The piece comes after a week of diplomatic tension at the Pacific Islands Forum (P.I.F.) in Tuvalu.

China’s main rival in the region (and the Pacific's single largest aid donor), Australia, came in for heavy criticism from P.I.F. members for watering down commitments to phasing out coal power.

Beijing’s consequent promise to attach importance to the “legitimate demands” of P.I.F. member states on climate change was widely viewed in Australia as a Chinese diplomatic coup in the region and reportedly infuriated Canberra. 

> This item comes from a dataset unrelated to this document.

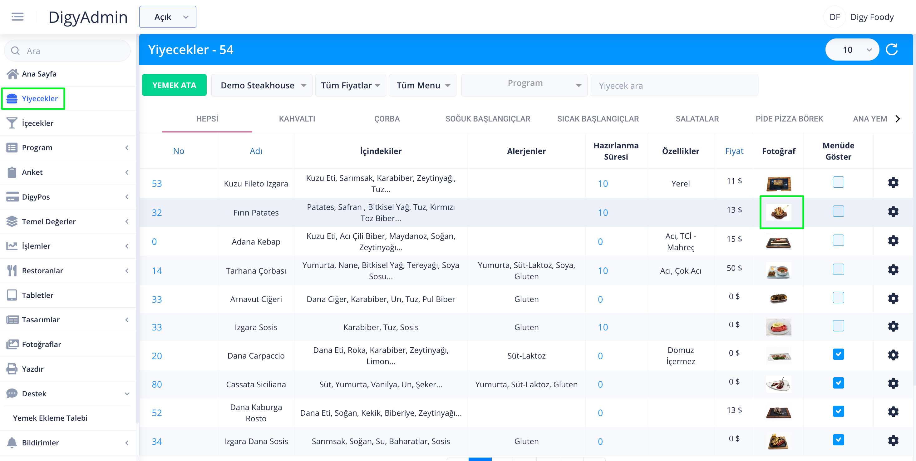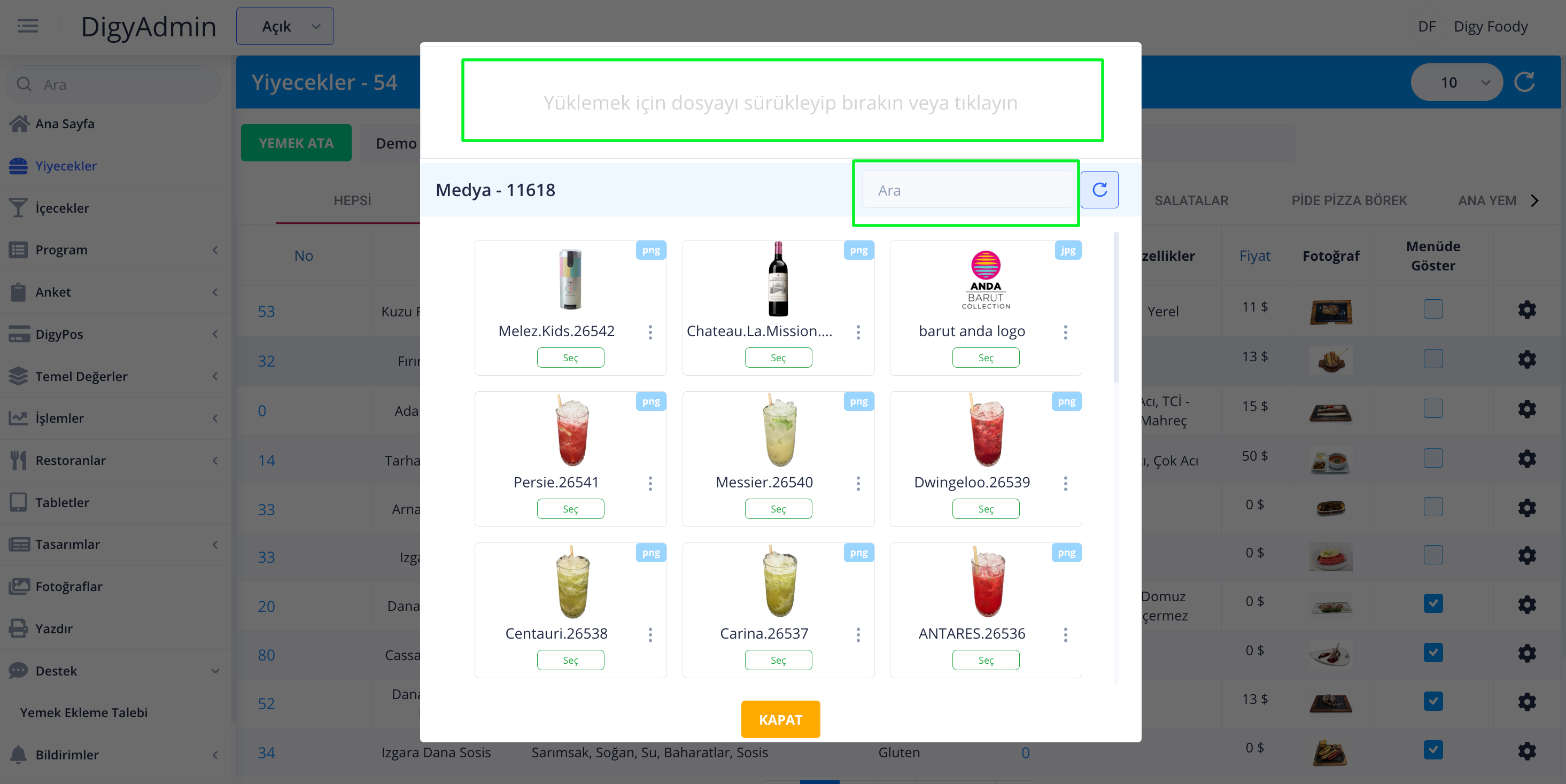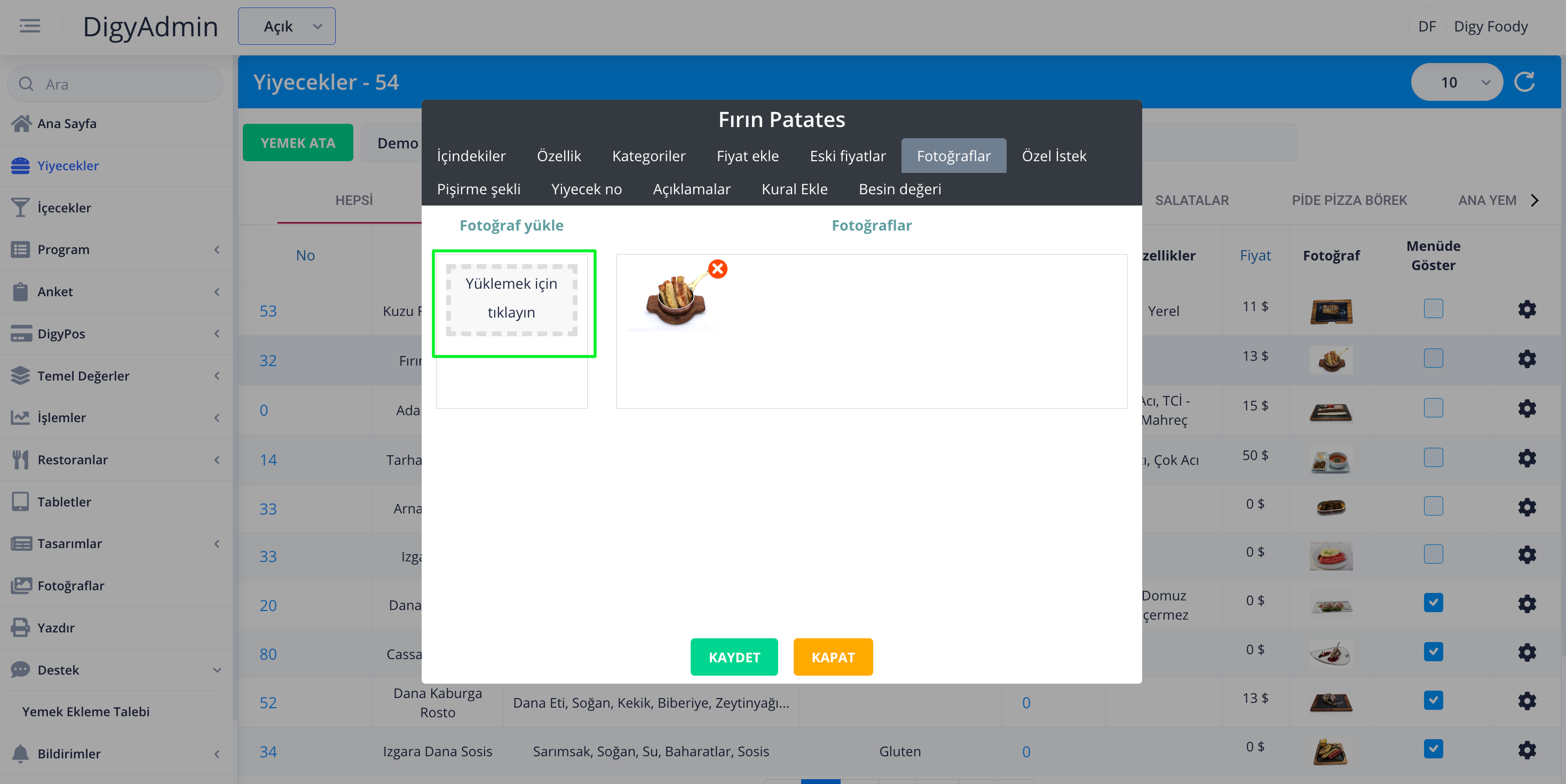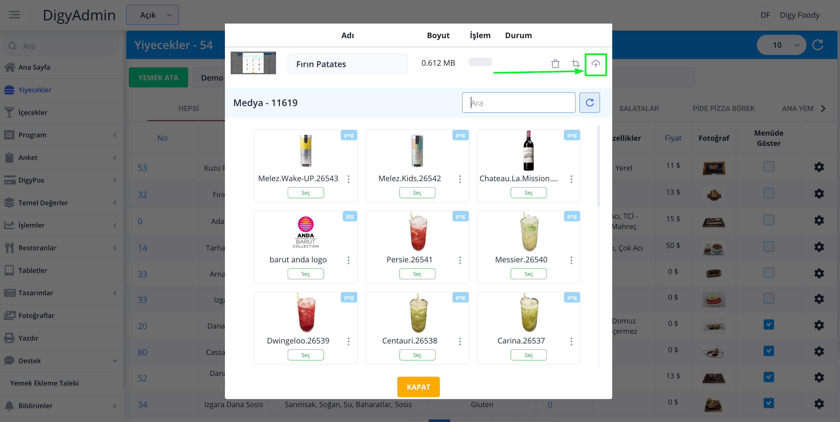 Görsel eklemek için sol tarafta yiyecekler veya içecekler bölümüne tıklanır sonrasında ilgili yiyeceğin yanındaki fotoğraf bölümüne tıklanır.

In a veiled swipe, Australia’s Prime Minister, Scott Morrison, said his Government would work with Pacific states to “protect their independence, their sovereignty, in their region.”

But Ambassador Chao says that the argument that China seeks to impinge upon nations’ sovereignty with loans is not supported by evidence.

"China's foreign aid is offered on the basis of equality, with full respect for the will of the governments and people," he writes. 

“It comes without interfering in their domestic affairs or attaching any political strings."

Ambassador Chao further states that Chinese aid is dispensed transparently and with the aim of helping recipient nations achieve “independent and sustainable development”. 

The Ambassador cites research from the Australian National University which finds that China holds less than 12 per cent of debts owed by Pacific states. 

China spent about US$1.1 billion in aid in the region in the decade to 2016 (compared to US$5.2 billion by Australia over a similar period), according to figures from the Australian think tank Lowy Institute. 

The Ambassador characterises Samoan-Chinese relations as a friendship built on principles of “mutual respect, mutual trust and mutual support”.

The Prime Minister Tuilaepa Dr. Sa'ilele Malielegaoi said Pacific nations should not see foreign relations as a black-and-white choice and said Samoa would not line up with Australia and the United States against China declaring: "their enemies are not our enemies".

See more on page 10.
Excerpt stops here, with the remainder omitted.